Dick, the Prodigy of Aberdaron, North Wales

Richard Jones was famous in the early nineteenth century has been described as “the most prodigious intellectual freak that ever came out of Wales … He had the gift of tongues, and a mania for acquiring them under discouraging circumstances, developed to a degree that gives him a place to himself among village prodigies. He was the son of an illiterate carpenter, and the descendant of generations  of rude Lleyn peasants.” It is unlikely any of his ancestors could read or write, but by his death at about 60 year of age, he had mastered thirty-five languages.

He was described as “a frowsy, dirty peasant, or worse … filthy in person, part mendicant, part medicine man: one quarter idiot, three quarters genius.”

“Dick fell foul of his parents, or they of him, at a tender age. He had no schooling, but hung about the village school room, and by the help of books he found lying about there, and of good-natured boys who had mastered the art, he learned to read in Welsh.” Soon afterwards, he likewise acquired English.

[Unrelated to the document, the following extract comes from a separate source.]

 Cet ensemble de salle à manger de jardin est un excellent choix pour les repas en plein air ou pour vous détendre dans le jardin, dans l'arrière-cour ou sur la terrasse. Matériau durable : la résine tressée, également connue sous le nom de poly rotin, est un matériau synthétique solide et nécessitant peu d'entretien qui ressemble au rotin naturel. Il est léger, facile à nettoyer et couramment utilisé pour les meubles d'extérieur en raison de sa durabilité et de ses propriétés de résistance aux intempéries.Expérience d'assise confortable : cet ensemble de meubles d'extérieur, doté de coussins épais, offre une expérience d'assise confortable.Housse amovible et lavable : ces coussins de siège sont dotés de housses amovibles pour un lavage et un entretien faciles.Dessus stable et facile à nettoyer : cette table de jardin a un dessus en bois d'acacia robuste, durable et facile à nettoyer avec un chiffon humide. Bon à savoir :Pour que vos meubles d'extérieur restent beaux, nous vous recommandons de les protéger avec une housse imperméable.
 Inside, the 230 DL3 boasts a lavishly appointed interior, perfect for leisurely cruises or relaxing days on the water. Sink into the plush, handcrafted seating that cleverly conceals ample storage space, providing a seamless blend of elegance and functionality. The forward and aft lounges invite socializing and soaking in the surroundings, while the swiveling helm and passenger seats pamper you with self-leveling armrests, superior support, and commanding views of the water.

He failed to learn his father’s trade so took to the road. When he met a pedlar from Italy or Germany, he learned their languages. From books he taught himself Hebrew, Latin and Greek, followed by French, Russian and Scandinavian tongues. His skill attracted patrons, from bishops to tradesmen who paid him for gardening or other work he never completed, and leant him books and writing materials. But his filthy appearance prevented his entry to polite society and he was widely mocked by street children. He refused to work or wash, and his clothes  were ragged, but no matter how poor he was he refused to be parted from his books. For a time he wore a silver and blue cavalry jacket with a cap of hare’s skin with ears sticking up from it. Pieces of cloth inscribed with Greek and Hebrew sentences hung from these ears. In this strange attire he would recite the song of Moses in Hebrew to astonished Welsh villagers. At inappropriate moments he would blow loudly on a ram’s horn hanging round his neck.

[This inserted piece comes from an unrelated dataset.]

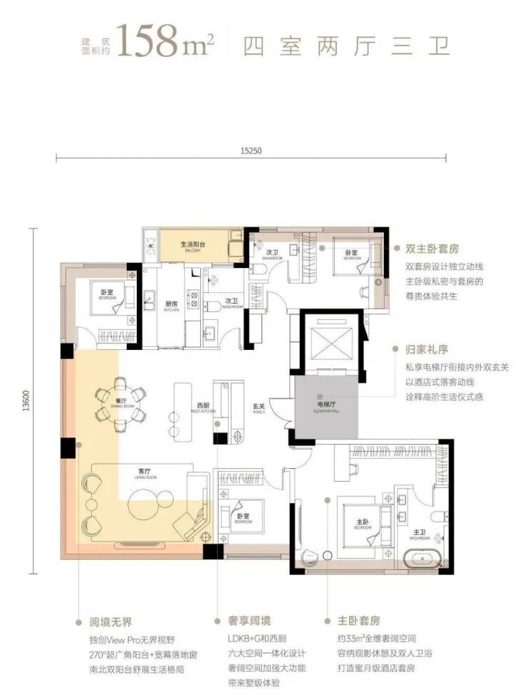 建面约158㎡户型的主卧套房实际空间约达33㎡,这个尺度能够实现当下五星级酒店套房最流行的洄游动线设计。
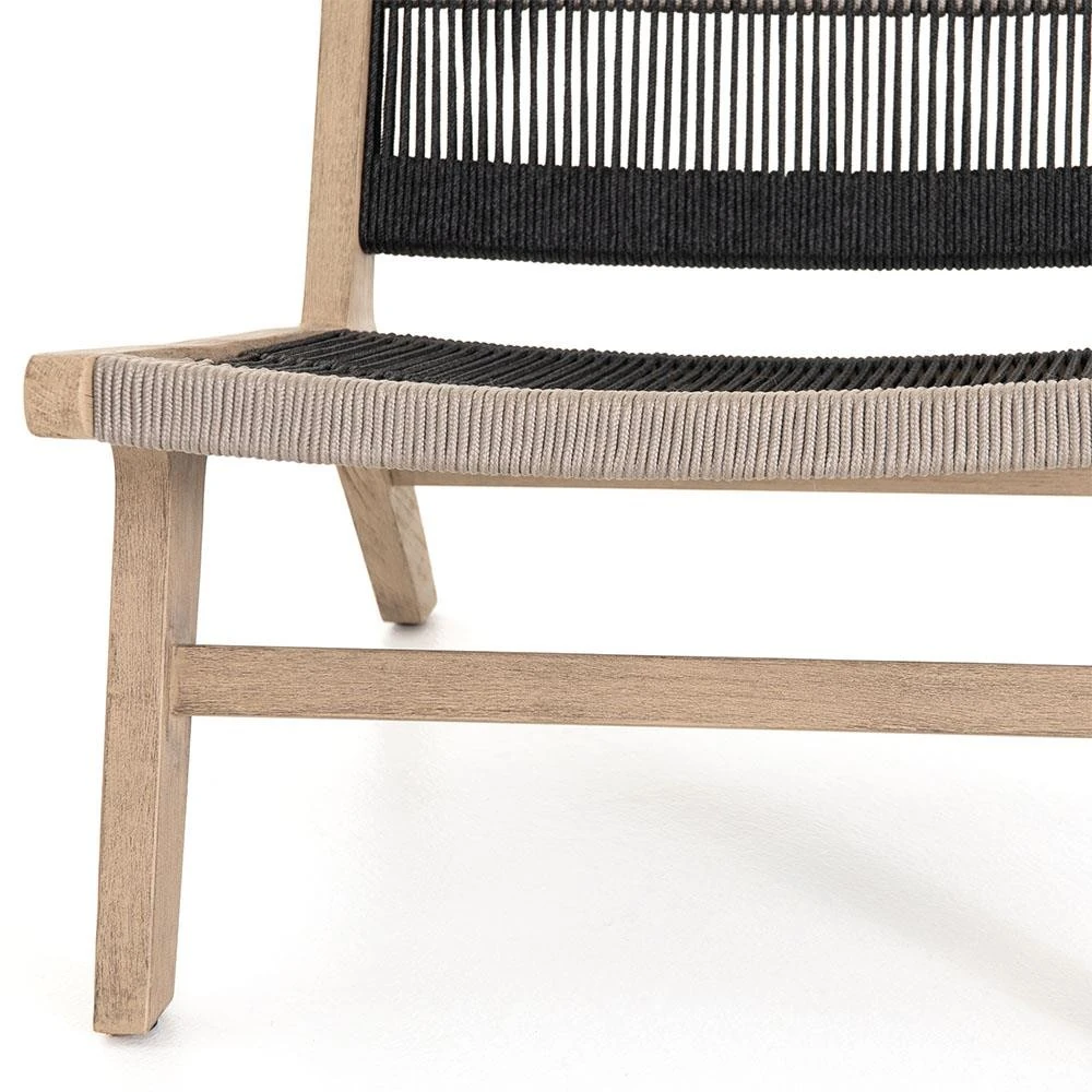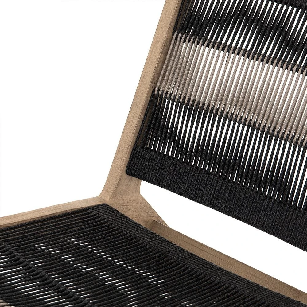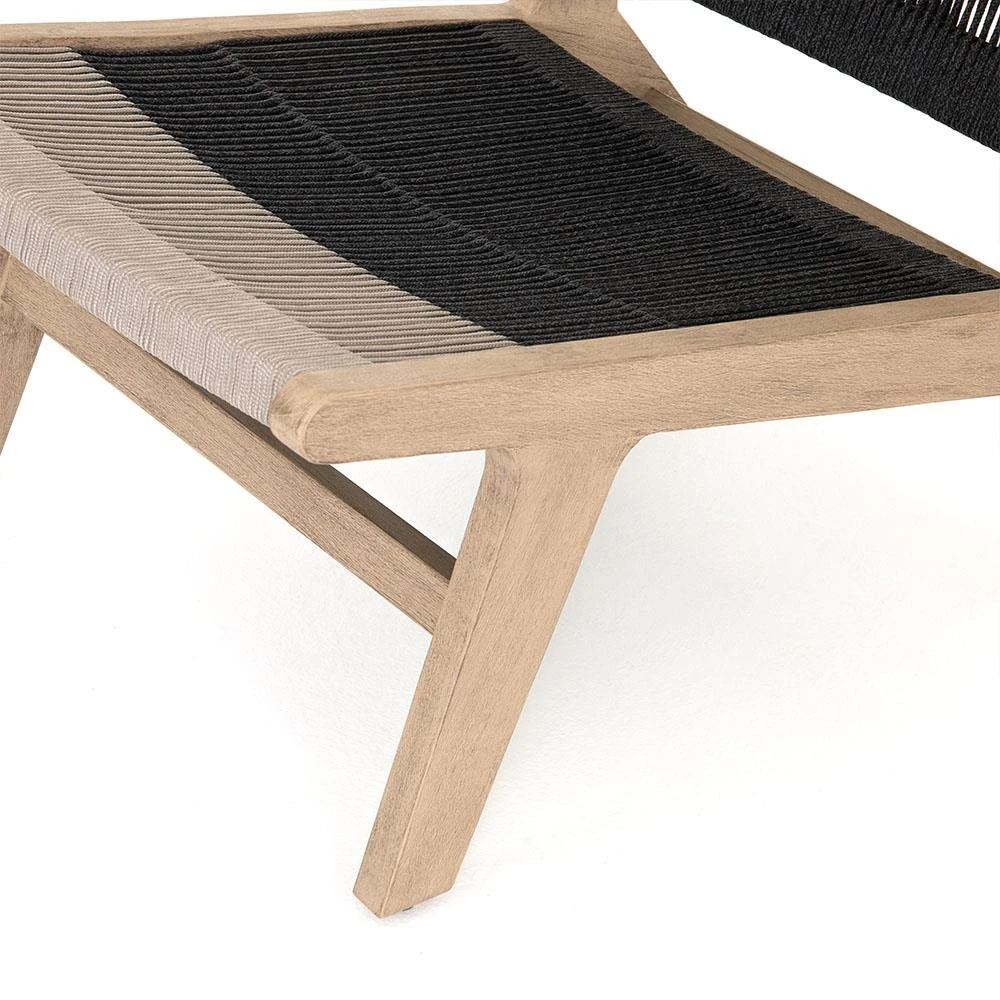 Liana Coastal Beach Natural Teak Wood Dark Grey Woven Rope Outdoor Chaise Lounge

Dick became famous in North Wales, but travelled as far as Dover and for a time lived in London. He never begged or drank, and only rarely did he work when driven by extreme hunger. He expected the public to provide his minimal wants, and they generally did.

An eminent scholar from Oxford visited him in Wales and tested his knowledge of Homer and the Iliad, which he passed with flying colours. Towards the end of his life public support faded and he survived by telling fortunes.

He was buried in St Asaph churchyard, followed by many eminent people who would have helped him throughout his life had he not been such an inveterate vagabond. 

This man sounds incredible, but there is no way he could exist in our present world. Prodigies were seen as gifts from God, as Jesus was the ultimate example, so parents of them were seen as being blessed. Though Dick’s parents clearly didn’t agree.